Me gustan los pueblos porque sus habitantes parecen andar en cámara lenta como si, tan solo por habitar esos lugares, estuvieran anestesiados contra el caos y las constantes angustias que, sin cesar, suministran las grandes ciudades.
A primera vista puede parecer que un pueblo tiene poco por ofrecer, pues no hay nada para "hacer", es decir, no hay salas de cine, bares o cafés, donde pasar el tiempo, pero sus habitantes se ven más ligeros y alegres; parecen disfrutar más la vida con menos cosas o distracciones, que muchas veces solo son válvulas de escape.
Hoy, después de almuerzo fui a un pueblo. Tenía ganas de algo dulce, entré a una tienda y me compré un cono de helado de vainilla con trozos de mora. Luego, en otro local, pedí un tinto hecho en greca, que me sirvieron en un vasito de icopor.

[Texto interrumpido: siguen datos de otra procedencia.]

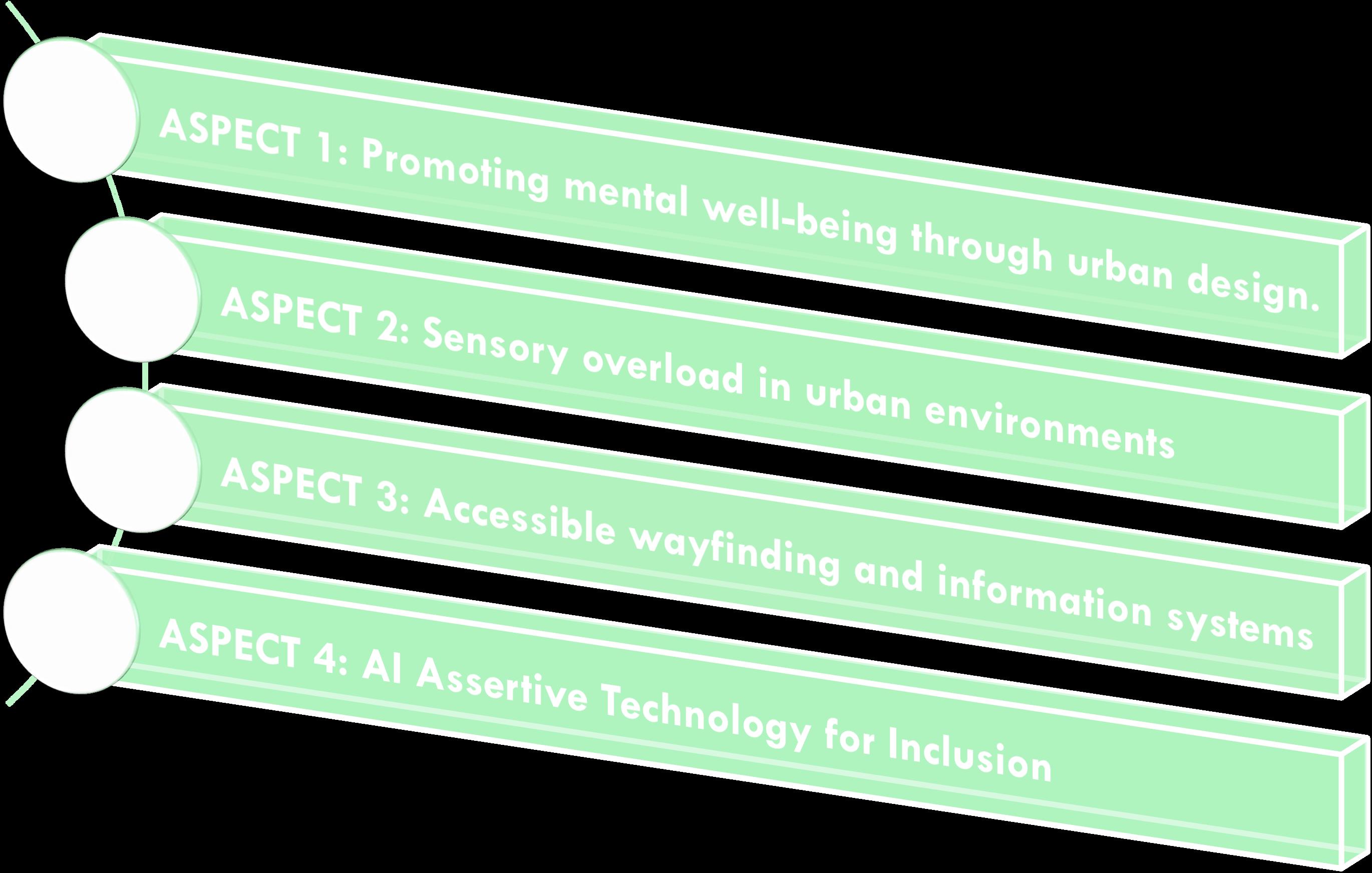 This research project investigates how to create inclusive and healthy cities that cater to the specific needs of people with neurodiverse conditions, such as autism spectrum disorder (ASD) and attention deficit hyperactivity disorder (ADHD) . It recognizes that the built environment can significantly impact the well - being of neurodiverse individuals and aims to identify strategies for creating more inclusive & supportive urban spaces.
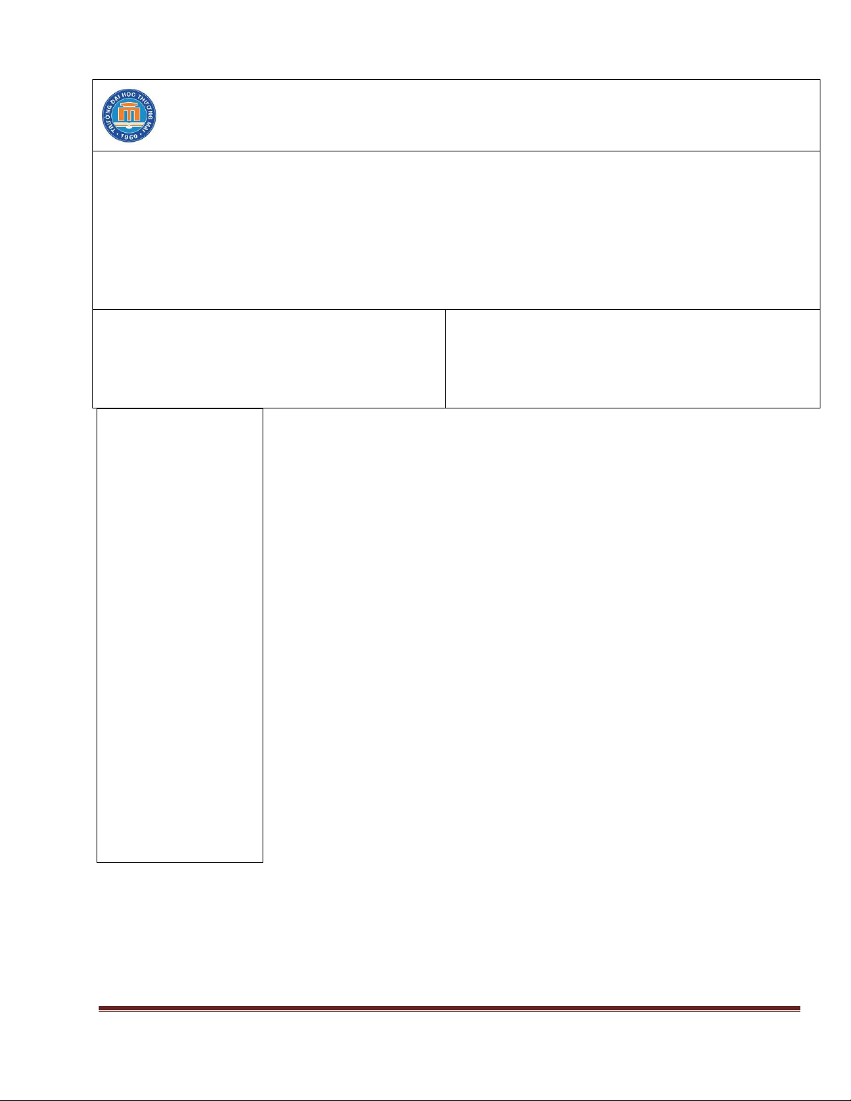 Họ và tên: Trần Yến Nhi Điểm kết luận: GV chấm thi 1: GV chấm thi 2: SV/HV không được viết vào cột này) Điểm từng câu, diểm thưởng (nếu có) và điểm toàn bài GV chấm 1: Câu 1: ……… điểm Câu 2: ……… điểm …………………. …………………. Cộng điểm GV chấm 2:
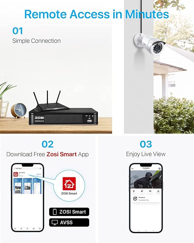 - (3). [ Local or Remote Access, Playback Anytime & Anywhere ] __ View and control your security system locally by connecting the system to a monitor without internet, or via free ZOSI Client software on tablet, PC, or via Smartphone APP (ZOSI Smart ) on mobile devices remotely.You can also playback significant evidence or funny videos records by searching different days, hours or minutes.
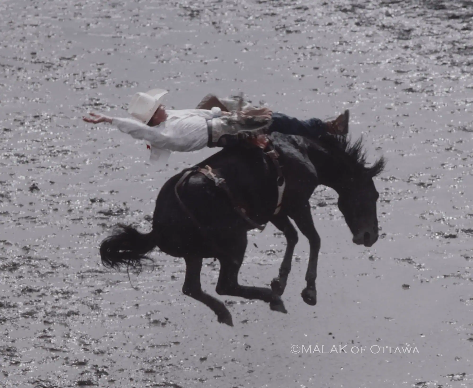 A cowboy bareback bronco-rider at the Calgary Stampede, Alberta, one of the premier rodeo shows in North America.
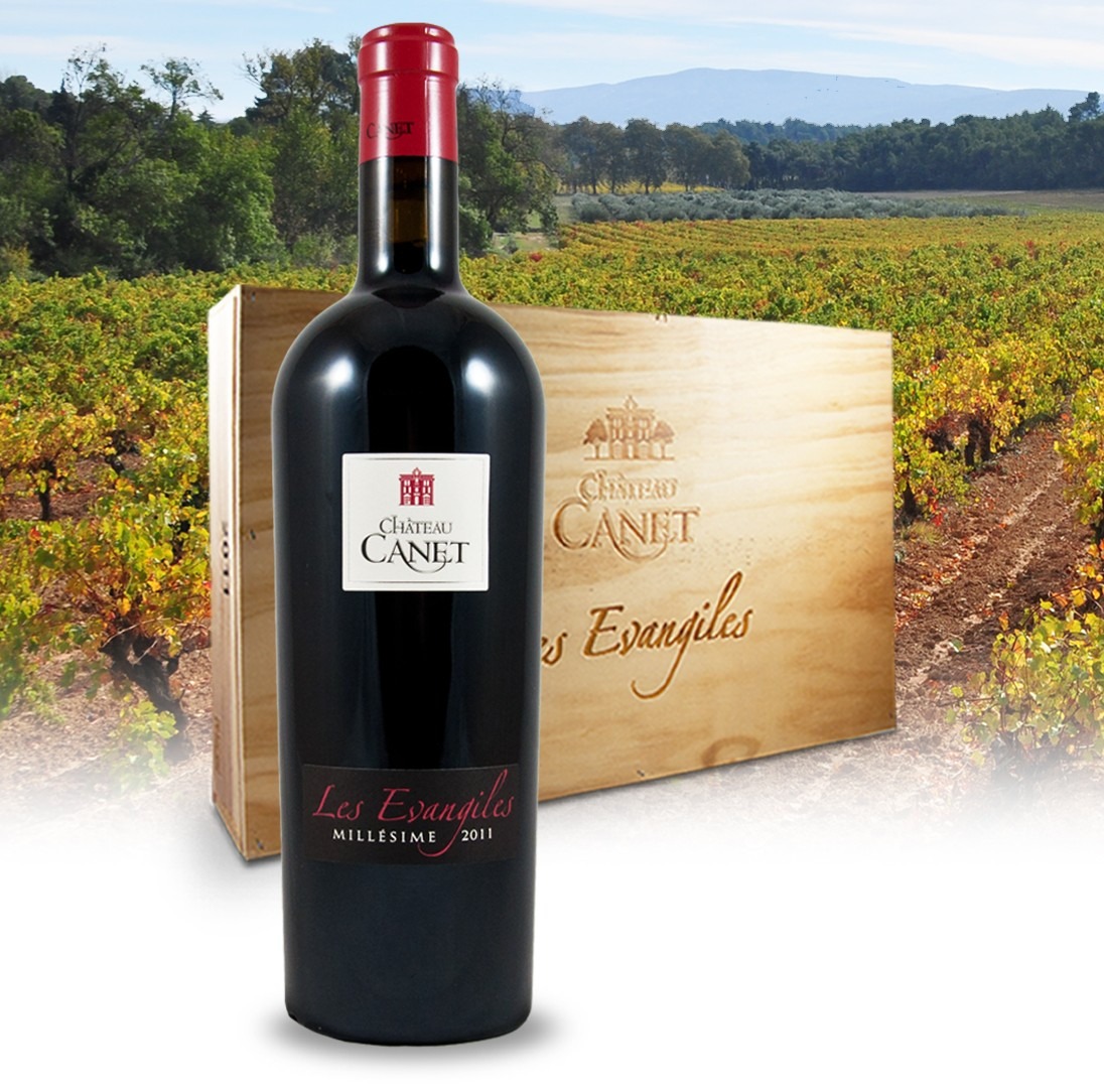 De naam 'Les Evangiles' komt van een kleine wijngaard in het midden van het domaine. Deze ligt wat hoger dan de rest van de wijngaarden, waardoor er een speciaal micro-klimaat heerst. De oogst van 24 hectoliters per hectare is klein, maar de kwaliteit van de druiven is excellent. Volgens wijnhuis Chateau Canet is Les Evangiles een traktatie om te drinken, maar ook om te maken. De rode wijn uit Zuid-Frankrijk is vol en rond met een royale fruitige smaak van zwarte bessen, bramen en een vleugje tabak, mokka en vanille. Door de stevige structuur en tannines zal de wijn nog vele jaren bewaard kunnen worden.
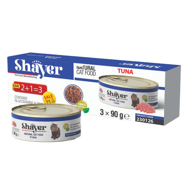 کنسرو غذای گربه با طعم ماهی تن شایر Shayer Natural With Tuna بسته 3 عددی
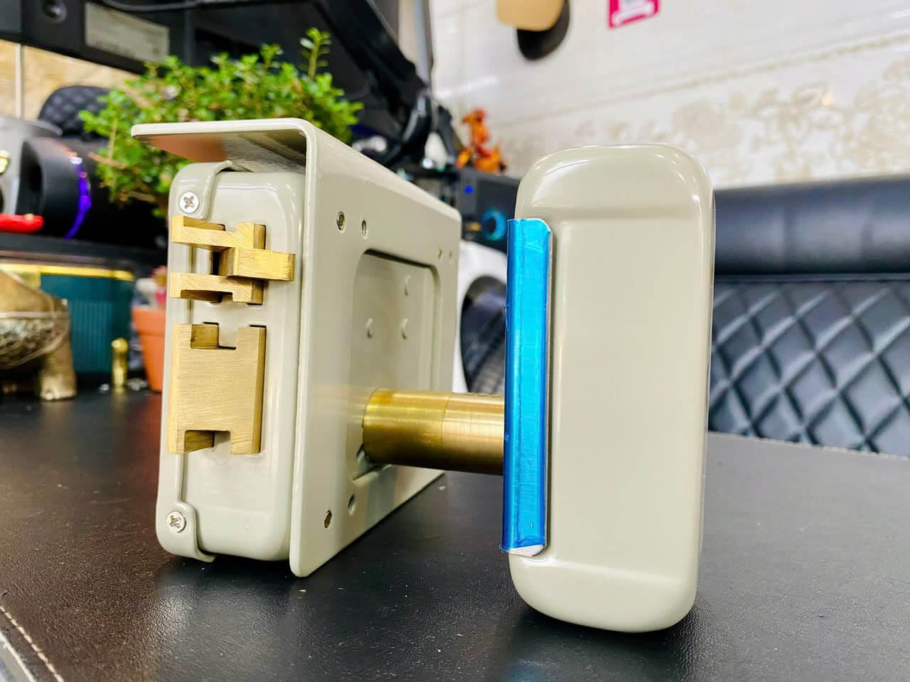 Lưỡi gà khóa thiết kế thông minh với lẫy đóng cửa êm, hạn chế tiếng ồn khi đóng cửa.
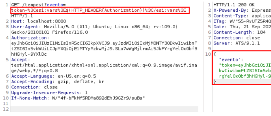 As informações presentes nos headers podem variar em cada aplicação testada. Nos casos em que informações sensíveis são encontradas nos headers, podemos utilizar a variável ESI para retornar esses dados. No exemplo abaixo, foi possível recuperar o Authorization header, associado a um Token de sessão. De maneira semelhante ao exemplo utilizado na API, observamos que o parâmetro ‘evento’ está sendo refletido na resposta. Isso significa que é possível realizar a injeção ESI e retornar o Header desejado conforme ilustrado abaixo:
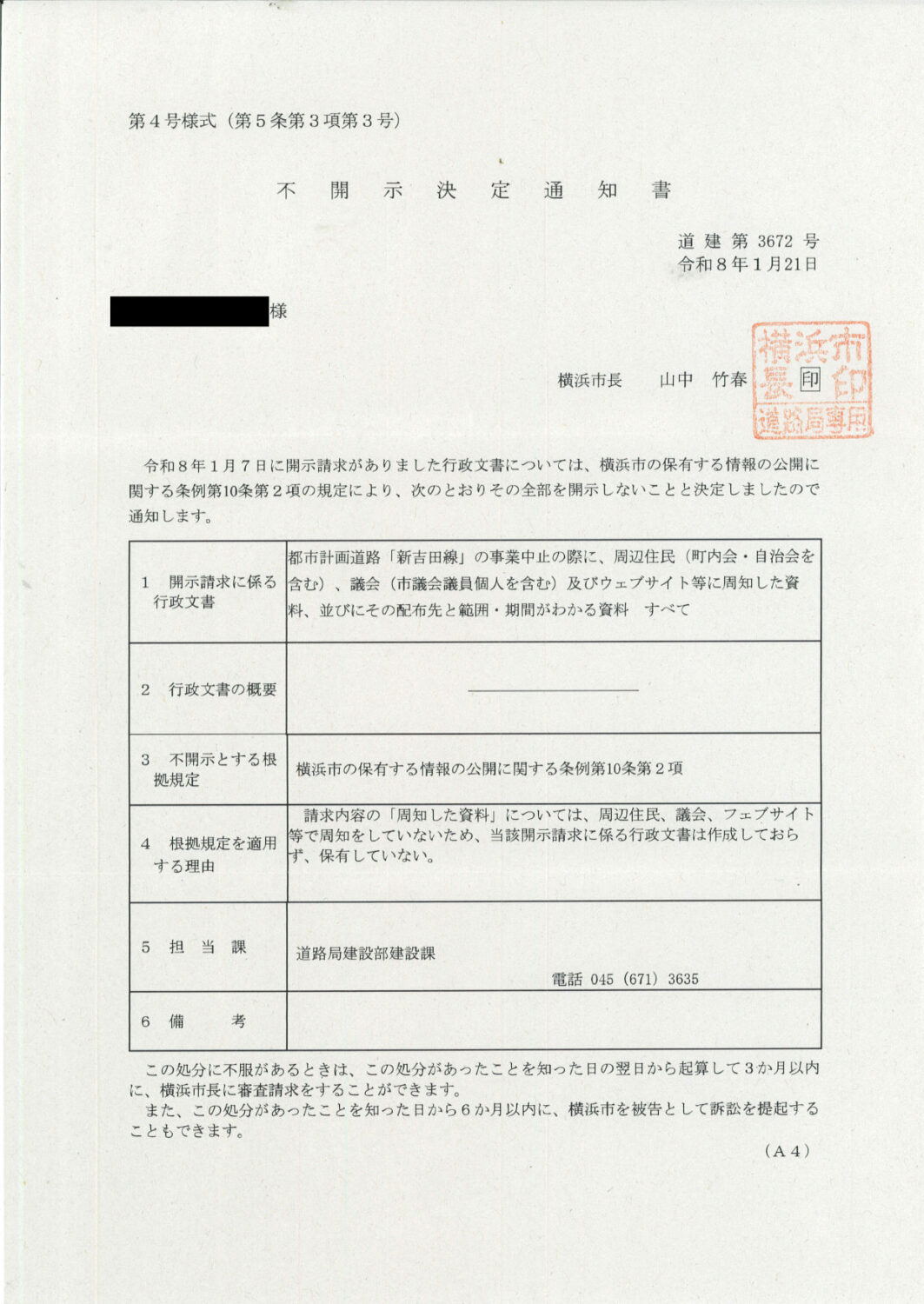 そのほか新吉田線についてインターネットで調べても中止についてヒットしなかったことから、地元周知の資料等を情報公開請求したところ、「不存在」という通知で、中止にあたり地元説明は、市議会議員を含めて行われていませんでした。
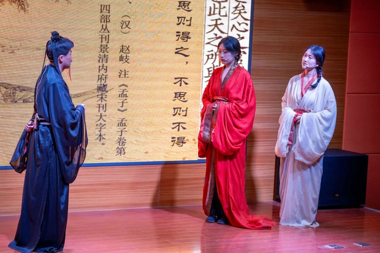 “学无止境,气有浩然”的校训精神深度契合。“典籍故事青年说”第四季《孟子》趣读活动自2026年1月启动,得到全校师生的大力支持。经专家评审,共18组选手脱颖而出,晋级决赛。决赛舞台上,选手们倾情投入,将《孟子》中的经典篇章转化为鲜活的故事演绎,让a片无码
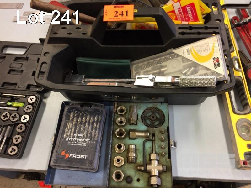 STANLEY TOOL TRAY & CONTENTS, HAMMERS 1/4 DRIVE SOCKETS, RIVETER, TENSION WRENCH & DRILL SET
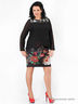 Платье, выполненное из сочетания двух тканей: лёгкого шифона и плательной ткани. Кокетка переда и спинки декорирована кружевом и стразами. Боковые швы украшены золотистыми пуговицами. Рукав втачной, длинный.
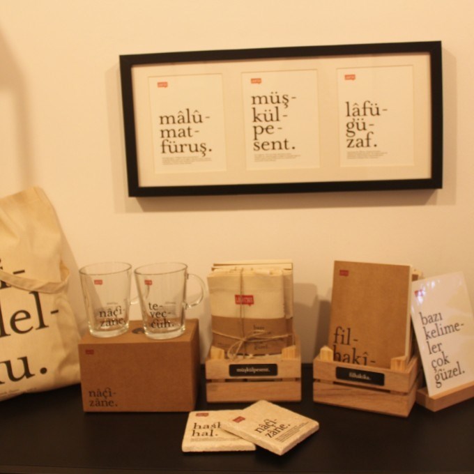 Kelimelerin yazılı olduğu posterler, bardaklar, çantalar ve bardak altlıkları gibi farklı tasarımlar mevcut. Böylelikle kelimeler dilimizde ve kalemimizde olduğu gibi artık içtiğimiz çay bardaklarından, taktığımız çantalara kadar taşınarak hayatımıza dahil oluyorlar.
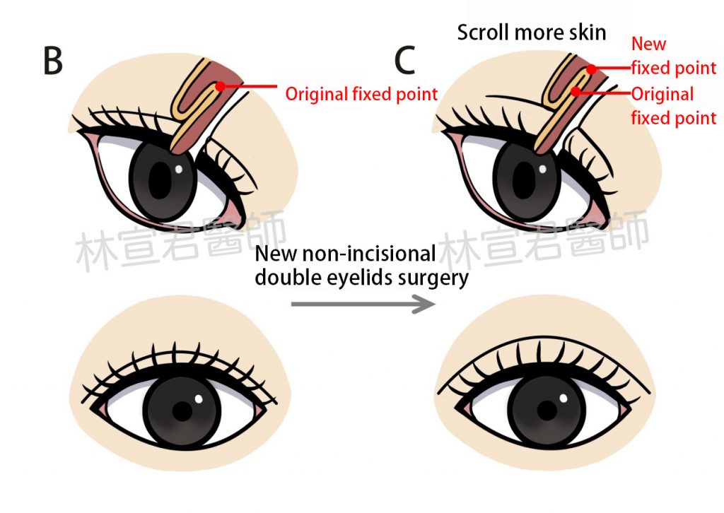 Make a higher turning point inside which more skin can scroll, and let B become C, so the double eyelids can be more obvious like in the youth!

afuera, me senté en una mesa con un parasol que daba hacia la plaza principal, para "ver pasar la vida", actividad que consiste en sentarse con alguna bebida en mano (medida opcional), contemplar a las personas que pasan y rumiar un pensamiento detrás de otro; la mejor actividad que puede ofrecer un pueblo.
Mientras veía pasar la vida en cámara lenta, un hombre de unos 60 años paso caminando. y lo seguí con la mirada. Él se dio cuenta y me la sostuvo por unos segundos. Llevaba un sastre de un color oscuro opaco, tal vez debido a un uso constante, y un sombrero con una pluma. Me pareció que estaba muy elegante.
Finalmente, el hombre se tocó el sombrero con una mano, y me dijo "Buenas tardes joven". Le respondí el saludo y él siguió su camino en cámara lenta.